-- Problem statement --
Will you return, word for word, only the lines from the top of the data below down to and including the one with "Here’s what you"?

-- Raw data --

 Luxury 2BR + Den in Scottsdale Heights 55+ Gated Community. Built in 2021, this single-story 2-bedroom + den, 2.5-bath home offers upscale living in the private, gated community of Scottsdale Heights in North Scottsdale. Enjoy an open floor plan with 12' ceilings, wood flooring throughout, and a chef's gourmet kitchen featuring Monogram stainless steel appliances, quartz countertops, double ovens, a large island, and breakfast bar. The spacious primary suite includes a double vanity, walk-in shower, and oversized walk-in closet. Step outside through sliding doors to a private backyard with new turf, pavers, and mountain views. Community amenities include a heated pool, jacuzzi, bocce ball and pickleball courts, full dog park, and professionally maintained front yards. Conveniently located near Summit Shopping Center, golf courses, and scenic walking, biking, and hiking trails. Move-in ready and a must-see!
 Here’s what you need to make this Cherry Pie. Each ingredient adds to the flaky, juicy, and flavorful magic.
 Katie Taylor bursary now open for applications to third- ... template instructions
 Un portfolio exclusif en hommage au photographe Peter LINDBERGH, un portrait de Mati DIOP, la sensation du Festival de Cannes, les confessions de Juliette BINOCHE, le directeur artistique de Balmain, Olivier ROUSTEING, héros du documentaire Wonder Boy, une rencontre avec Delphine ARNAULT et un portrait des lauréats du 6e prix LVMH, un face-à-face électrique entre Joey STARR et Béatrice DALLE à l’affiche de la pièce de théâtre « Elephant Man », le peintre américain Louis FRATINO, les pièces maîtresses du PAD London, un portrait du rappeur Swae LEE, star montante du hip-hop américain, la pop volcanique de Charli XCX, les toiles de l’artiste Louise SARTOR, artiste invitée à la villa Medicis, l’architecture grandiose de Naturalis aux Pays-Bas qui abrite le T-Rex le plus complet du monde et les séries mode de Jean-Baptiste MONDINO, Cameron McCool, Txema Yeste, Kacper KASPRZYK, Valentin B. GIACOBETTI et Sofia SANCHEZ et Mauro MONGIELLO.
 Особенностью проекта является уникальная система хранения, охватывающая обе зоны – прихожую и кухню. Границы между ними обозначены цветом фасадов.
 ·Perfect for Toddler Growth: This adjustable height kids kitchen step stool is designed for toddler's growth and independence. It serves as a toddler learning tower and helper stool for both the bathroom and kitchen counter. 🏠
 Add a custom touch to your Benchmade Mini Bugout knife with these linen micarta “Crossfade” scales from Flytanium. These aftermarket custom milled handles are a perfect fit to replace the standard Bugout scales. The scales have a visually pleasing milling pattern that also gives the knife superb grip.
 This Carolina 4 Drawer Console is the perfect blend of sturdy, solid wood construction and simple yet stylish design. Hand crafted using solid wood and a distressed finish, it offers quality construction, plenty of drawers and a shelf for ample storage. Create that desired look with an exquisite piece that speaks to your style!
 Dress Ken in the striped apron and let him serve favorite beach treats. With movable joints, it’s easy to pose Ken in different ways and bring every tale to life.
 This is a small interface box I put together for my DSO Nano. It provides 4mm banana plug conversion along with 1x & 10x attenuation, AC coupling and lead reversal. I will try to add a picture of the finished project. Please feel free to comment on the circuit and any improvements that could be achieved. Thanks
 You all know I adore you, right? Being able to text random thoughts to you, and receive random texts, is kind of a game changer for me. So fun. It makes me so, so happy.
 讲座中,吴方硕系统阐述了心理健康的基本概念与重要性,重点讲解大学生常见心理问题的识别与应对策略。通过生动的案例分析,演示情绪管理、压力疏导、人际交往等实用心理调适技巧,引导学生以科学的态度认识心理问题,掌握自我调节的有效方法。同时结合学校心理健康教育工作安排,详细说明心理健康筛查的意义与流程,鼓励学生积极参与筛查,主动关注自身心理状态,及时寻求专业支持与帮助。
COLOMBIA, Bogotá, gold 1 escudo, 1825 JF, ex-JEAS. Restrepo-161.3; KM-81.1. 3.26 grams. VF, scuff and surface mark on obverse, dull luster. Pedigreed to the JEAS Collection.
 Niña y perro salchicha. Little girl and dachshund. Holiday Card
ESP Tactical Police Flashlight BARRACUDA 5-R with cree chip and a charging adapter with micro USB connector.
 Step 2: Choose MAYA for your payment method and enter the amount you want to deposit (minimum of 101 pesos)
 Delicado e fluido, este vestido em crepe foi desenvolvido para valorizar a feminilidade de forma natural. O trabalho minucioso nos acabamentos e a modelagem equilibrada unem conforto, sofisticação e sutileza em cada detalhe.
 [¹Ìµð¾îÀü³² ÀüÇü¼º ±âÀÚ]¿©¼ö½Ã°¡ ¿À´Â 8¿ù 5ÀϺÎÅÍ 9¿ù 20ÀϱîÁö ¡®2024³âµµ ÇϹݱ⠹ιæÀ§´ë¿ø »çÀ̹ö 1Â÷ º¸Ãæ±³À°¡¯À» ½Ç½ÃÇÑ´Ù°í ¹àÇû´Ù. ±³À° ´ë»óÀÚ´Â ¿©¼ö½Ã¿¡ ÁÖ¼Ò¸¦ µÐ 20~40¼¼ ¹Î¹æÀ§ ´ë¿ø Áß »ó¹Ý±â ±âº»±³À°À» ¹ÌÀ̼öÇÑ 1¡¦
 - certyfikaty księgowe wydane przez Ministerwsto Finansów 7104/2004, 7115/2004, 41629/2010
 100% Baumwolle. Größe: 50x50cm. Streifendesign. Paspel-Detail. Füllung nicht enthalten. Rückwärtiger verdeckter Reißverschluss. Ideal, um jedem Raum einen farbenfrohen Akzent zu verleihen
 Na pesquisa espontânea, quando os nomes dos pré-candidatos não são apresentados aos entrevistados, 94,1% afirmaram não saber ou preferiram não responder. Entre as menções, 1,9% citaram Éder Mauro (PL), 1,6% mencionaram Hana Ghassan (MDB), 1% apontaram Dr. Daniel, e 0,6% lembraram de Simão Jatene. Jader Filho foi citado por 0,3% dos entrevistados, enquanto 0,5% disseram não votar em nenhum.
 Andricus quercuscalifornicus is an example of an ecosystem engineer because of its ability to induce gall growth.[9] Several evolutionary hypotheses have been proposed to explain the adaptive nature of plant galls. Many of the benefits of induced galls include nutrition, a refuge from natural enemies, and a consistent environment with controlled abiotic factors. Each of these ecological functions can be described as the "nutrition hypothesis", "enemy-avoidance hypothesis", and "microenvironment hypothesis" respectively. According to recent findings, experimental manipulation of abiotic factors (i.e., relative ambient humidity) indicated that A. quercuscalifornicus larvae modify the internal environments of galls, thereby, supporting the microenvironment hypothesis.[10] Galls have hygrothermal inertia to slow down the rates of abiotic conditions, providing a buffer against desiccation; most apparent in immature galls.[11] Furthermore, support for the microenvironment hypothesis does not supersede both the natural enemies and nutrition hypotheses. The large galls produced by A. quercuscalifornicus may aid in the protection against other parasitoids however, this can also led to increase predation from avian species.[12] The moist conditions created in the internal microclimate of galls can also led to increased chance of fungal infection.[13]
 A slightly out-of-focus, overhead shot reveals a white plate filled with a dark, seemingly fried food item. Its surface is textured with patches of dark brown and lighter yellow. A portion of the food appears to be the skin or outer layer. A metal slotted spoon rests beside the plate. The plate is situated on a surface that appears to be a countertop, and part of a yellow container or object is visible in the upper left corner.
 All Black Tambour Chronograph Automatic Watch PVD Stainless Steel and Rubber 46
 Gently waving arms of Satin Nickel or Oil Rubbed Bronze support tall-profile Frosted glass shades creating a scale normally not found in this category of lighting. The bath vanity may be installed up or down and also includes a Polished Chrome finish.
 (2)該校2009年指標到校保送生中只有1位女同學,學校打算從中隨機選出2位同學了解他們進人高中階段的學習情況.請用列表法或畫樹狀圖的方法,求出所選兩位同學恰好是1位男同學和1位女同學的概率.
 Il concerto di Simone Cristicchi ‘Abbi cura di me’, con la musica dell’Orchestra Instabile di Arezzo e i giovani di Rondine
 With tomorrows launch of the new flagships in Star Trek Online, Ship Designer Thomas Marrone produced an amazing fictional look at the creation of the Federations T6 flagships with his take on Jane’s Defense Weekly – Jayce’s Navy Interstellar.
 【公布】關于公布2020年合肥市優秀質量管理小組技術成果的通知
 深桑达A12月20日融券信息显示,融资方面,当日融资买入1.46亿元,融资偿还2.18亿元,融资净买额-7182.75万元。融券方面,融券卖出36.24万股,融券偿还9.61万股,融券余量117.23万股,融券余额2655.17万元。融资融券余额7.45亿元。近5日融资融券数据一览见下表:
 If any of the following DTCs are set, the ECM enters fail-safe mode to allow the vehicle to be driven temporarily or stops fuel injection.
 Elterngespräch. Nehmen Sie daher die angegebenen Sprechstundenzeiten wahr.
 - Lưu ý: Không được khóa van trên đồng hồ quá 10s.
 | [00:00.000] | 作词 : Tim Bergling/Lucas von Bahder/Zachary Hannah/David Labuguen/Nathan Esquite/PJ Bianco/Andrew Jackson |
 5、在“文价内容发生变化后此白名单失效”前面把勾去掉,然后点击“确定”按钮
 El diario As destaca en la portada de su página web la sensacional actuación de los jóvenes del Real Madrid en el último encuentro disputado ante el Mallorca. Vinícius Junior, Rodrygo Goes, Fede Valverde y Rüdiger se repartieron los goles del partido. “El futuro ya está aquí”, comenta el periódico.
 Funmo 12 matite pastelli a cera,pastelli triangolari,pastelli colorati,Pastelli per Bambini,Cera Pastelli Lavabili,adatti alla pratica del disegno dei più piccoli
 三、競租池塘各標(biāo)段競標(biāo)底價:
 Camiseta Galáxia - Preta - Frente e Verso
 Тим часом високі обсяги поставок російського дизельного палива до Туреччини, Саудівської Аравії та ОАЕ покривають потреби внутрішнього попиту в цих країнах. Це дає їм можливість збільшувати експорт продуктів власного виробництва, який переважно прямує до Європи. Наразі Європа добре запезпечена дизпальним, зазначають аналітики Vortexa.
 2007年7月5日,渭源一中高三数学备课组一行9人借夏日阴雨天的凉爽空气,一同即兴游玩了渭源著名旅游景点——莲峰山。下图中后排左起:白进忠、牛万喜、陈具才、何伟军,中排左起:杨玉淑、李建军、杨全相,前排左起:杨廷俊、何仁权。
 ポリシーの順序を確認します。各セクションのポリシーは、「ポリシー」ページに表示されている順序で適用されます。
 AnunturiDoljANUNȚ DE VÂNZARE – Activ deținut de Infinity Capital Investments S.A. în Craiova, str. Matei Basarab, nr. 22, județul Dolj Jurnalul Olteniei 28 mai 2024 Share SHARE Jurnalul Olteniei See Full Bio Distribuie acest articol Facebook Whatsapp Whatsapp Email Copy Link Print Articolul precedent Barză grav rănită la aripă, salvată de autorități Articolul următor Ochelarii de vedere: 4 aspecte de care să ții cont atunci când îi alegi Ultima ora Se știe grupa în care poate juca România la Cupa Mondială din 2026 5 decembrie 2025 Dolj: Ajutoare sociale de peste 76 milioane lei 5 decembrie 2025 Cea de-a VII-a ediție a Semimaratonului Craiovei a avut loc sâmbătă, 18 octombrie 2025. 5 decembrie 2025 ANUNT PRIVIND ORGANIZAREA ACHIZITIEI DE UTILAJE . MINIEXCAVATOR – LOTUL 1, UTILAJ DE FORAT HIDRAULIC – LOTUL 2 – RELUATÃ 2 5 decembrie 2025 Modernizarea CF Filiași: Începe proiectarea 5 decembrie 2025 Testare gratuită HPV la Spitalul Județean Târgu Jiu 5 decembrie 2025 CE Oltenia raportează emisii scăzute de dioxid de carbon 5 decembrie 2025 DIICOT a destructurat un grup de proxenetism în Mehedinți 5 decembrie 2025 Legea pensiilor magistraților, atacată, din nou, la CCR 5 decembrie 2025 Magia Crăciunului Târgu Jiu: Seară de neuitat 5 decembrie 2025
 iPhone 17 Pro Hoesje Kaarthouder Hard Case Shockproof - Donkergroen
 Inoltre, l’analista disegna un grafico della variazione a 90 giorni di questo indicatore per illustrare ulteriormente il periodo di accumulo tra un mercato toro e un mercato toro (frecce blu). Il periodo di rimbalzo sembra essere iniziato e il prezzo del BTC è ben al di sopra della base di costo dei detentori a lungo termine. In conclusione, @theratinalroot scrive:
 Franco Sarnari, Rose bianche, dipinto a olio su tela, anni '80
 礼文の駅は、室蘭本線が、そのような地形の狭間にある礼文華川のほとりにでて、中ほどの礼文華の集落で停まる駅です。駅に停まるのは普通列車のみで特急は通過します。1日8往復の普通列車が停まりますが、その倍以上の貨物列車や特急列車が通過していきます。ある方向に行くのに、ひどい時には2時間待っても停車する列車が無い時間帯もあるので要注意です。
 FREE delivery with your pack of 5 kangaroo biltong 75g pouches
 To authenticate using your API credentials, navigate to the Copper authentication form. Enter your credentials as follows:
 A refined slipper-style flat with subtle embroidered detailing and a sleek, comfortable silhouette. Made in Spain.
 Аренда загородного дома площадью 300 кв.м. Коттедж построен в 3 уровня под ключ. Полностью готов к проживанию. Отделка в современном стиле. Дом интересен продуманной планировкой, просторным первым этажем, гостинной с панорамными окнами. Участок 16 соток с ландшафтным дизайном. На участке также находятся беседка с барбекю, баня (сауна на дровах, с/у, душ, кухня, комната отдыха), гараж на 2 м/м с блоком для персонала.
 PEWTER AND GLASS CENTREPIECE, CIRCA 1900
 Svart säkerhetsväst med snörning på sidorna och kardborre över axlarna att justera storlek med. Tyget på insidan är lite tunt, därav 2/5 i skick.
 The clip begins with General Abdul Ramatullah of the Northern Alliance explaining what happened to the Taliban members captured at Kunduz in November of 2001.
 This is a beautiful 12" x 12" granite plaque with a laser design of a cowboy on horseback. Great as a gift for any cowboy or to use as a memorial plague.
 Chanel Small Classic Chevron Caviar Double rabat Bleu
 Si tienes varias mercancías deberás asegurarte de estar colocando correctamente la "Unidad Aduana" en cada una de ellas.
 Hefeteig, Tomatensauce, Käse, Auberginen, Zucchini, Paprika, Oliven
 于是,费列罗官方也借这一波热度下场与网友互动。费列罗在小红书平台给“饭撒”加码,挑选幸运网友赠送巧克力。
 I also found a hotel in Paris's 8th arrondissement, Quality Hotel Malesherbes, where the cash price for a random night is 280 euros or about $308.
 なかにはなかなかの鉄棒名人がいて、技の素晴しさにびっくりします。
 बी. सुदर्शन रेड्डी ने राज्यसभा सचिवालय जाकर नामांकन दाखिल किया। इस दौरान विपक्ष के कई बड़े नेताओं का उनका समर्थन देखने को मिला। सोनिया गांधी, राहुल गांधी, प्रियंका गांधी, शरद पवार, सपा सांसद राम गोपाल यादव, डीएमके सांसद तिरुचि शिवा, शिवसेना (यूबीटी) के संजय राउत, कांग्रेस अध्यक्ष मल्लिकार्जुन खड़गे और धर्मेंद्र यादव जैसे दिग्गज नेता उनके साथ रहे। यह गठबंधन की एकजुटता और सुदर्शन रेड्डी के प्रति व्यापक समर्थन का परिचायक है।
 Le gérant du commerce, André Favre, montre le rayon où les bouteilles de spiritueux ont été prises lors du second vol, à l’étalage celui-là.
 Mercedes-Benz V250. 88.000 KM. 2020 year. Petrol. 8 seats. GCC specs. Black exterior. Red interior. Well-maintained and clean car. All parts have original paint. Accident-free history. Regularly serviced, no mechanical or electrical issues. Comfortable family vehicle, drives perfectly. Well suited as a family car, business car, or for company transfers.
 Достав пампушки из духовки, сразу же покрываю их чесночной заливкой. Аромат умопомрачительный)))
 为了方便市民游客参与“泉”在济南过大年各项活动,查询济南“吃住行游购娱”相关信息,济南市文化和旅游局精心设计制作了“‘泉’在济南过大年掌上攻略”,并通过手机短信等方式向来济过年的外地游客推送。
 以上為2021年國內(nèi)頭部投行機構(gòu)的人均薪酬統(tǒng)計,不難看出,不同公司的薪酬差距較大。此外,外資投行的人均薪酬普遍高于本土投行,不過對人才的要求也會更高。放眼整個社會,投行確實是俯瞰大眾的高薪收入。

-- Exercise answer --
 Luxury 2BR + Den in Scottsdale Heights 55+ Gated Community. Built in 2021, this single-story 2-bedroom + den, 2.5-bath home offers upscale living in the private, gated community of Scottsdale Heights in North Scottsdale. Enjoy an open floor plan with 12' ceilings, wood flooring throughout, and a chef's gourmet kitchen featuring Monogram stainless steel appliances, quartz countertops, double ovens, a large island, and breakfast bar. The spacious primary suite includes a double vanity, walk-in shower, and oversized walk-in closet. Step outside through sliding doors to a private backyard with new turf, pavers, and mountain views. Community amenities include a heated pool, jacuzzi, bocce ball and pickleball courts, full dog park, and professionally maintained front yards. Conveniently located near Summit Shopping Center, golf courses, and scenic walking, biking, and hiking trails. Move-in ready and a must-see!
 Here’s what you need to make this Cherry Pie. Each ingredient adds to the flaky, juicy, and flavorful magic.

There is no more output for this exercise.